With the U.S. Presidential election in the rear-view mirror, and Republicans maintaining control of both the House and Senate, expansionary policies are likely to drive the demand side of the inflation equation.
This should have implications for the pace of rate hikes as the U.S. Federal Reserve (the Fed) attempts to contain inflation. We have already seen headline inflation numbers trend upward with supply side price pressure coming from oil and rents.
At this point, measured rate increases from the Fed are expected. However, a lot will depend on the success of fiscal stimulus to drive demand, therefore, changing the pace of the Fed. Given this backdrop, we believe fixed income investors face volatility in the near-term, as oil prices find stability. Additionally, volatility over the next several years is a concern as the balance is found between fiscal and monetary policy.
Mounting Inflationary Pressures
Inflation, which is a key driver of interest rates and Fed Policy, is caused by demand and supply side pressures.

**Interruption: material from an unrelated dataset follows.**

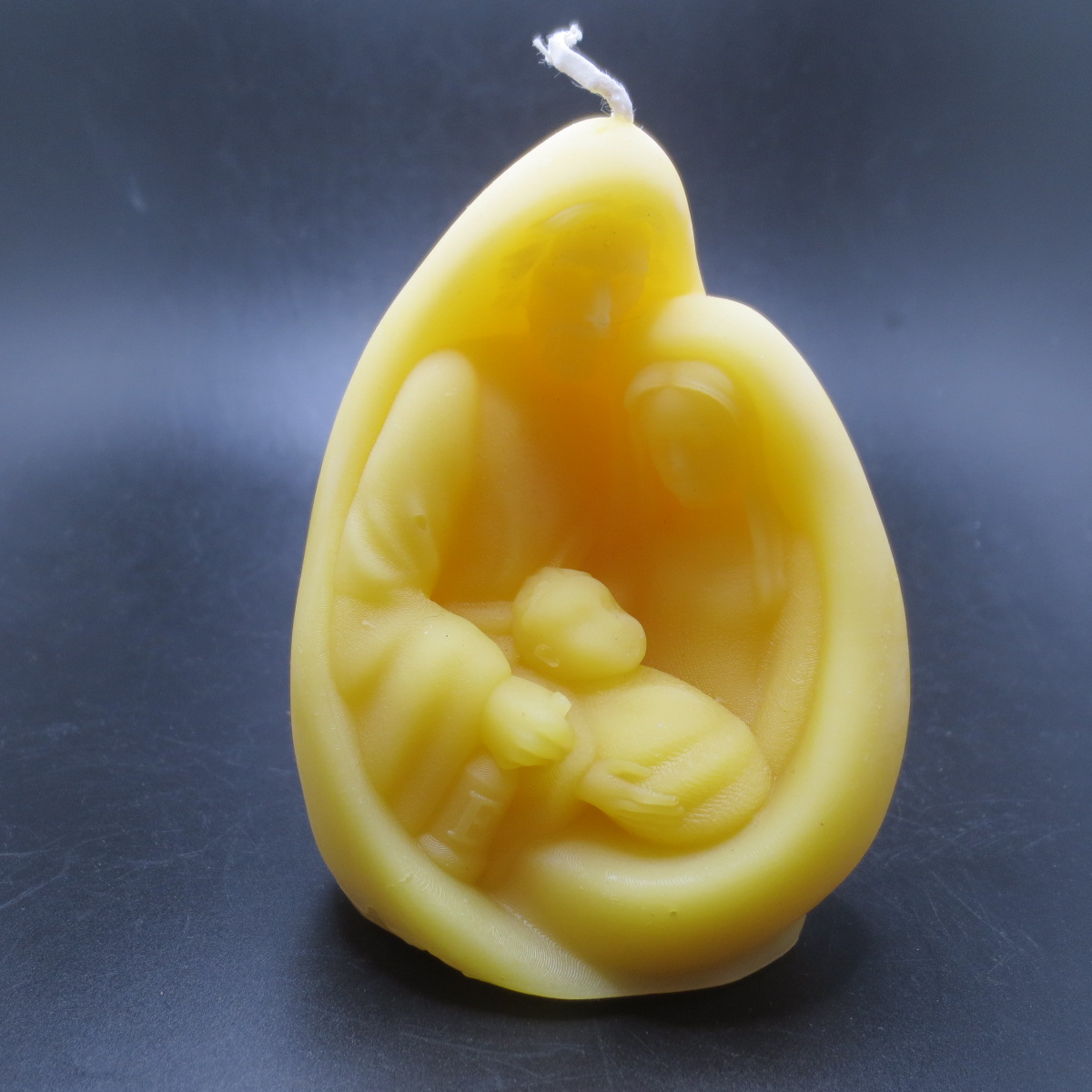 Approximately 6 ounces of pure beeswax molded into The Holy Family. Beeswax candles have a naturally sweet fragrance, burn longer and more clearly, and give off more light than other wax candles. $8.00 + tax

Demand side inflation is generally caused by an easing of monetary conditions or economic growth, which leads to increased spending by consumers, thus driving prices up. Supply side inflation occurs when the cost of a good rises due to scarcity or other factors that impact the availability of that good.
With the Trump administration’s proposed expansionary fiscal policy, demand side inflation could be driven by tax cuts for individuals and corporations, which would put more money in the economy. This increases consumption and prices. Additionally, proposed increases in government spending on infrastructure would create further demand side pressure.

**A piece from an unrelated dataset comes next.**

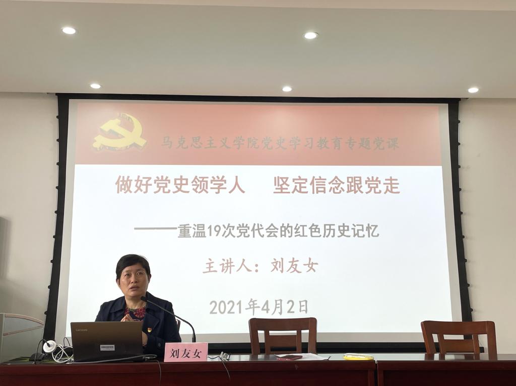 4月2日上午,马克思主义学院党史学习教育专题党课在7号楼406报告厅顺利开展。院党总支书记刘友女作题为《“做好党史领学人 坚定信念跟党走”——重温19次党代会的红色记忆》的专题党课,带领同学们重温建党的百年峥嵘历程。全院入党积极分子、发展对象、预备党员以及部分正式党员参加了此次党课学习。

On the supply side, we have seen inflation trend up as oil prices have rebounded from their lows, as well as the recent news of OPEC’s agreement to production cuts. Rents have also trended upward due to the scarcity of rental units as construction has lagged demographic shifts over the past few years.
Inflation indices measure the price of a basket of goods that the typical consumer purchases. The weight of these goods in the index will vary over time with their relative importance. For example, rent gets a higher weighting due to its heftier portion of the typical consumer’s budget. As can been seen in the chart below, rising rents (shelter) have pushed the weighting up over time, with a sharper increase more recently as supply is lagging. This, coupled with a rebound in oil prices this year, has led to an uptick in the Consumer Price Index (headline CPI).

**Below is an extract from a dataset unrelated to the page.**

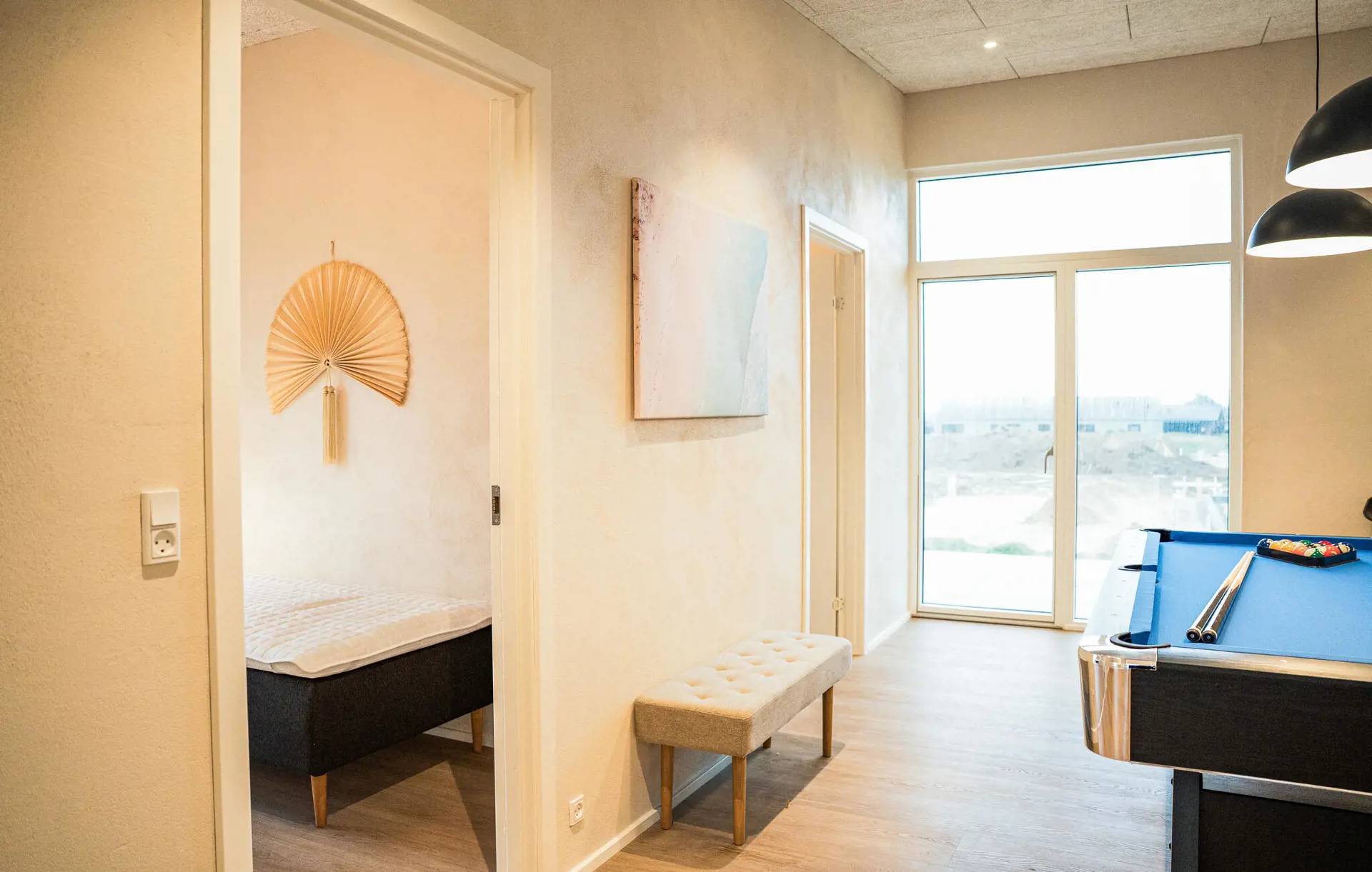 Treten Sie ein und lassen Sie sich von den hell gestalteten Innenräumen empfangen, in denen großzügige Fensterflächen das Tageslicht in alle Räume holen. Nutzen Sie die moderne Küche für gemeinsame Mahlzeiten, während der Esstisch zu langen Abenden einlädt. Machen Sie es sich im Wohnbereich auf dem großen Ecksofa bequem und schalten Sie einen Gang herunter. Fordern Sie sich gegenseitig am Billardtisch oder bei einer Partie Tischtennis heraus und veranstalten Sie kleine Turniere für Groß und Klein.

While headline inflation indices measure the price of all goods and services in the consumption basket, and have implications for inflation expectations and nominal interest rates, core inflation indices exclude the more volatile food and energy components. However, both methods include rents. The Fed has stated that they prefer to follow Core PCE, since it is “most consistent over the longer run with the Federal Reserve’s statutory mandate.” (FOMC Press Release 1/25/12).
While Core PCE, the Fed’s favored measure, has trended upward, it has been more stable and remains below the Fed’s 2% target rate. Since it excludes oil, it would not be impacted from oil price increases. Conversely, headline CPI does include oil and has continued to trend upward for several months.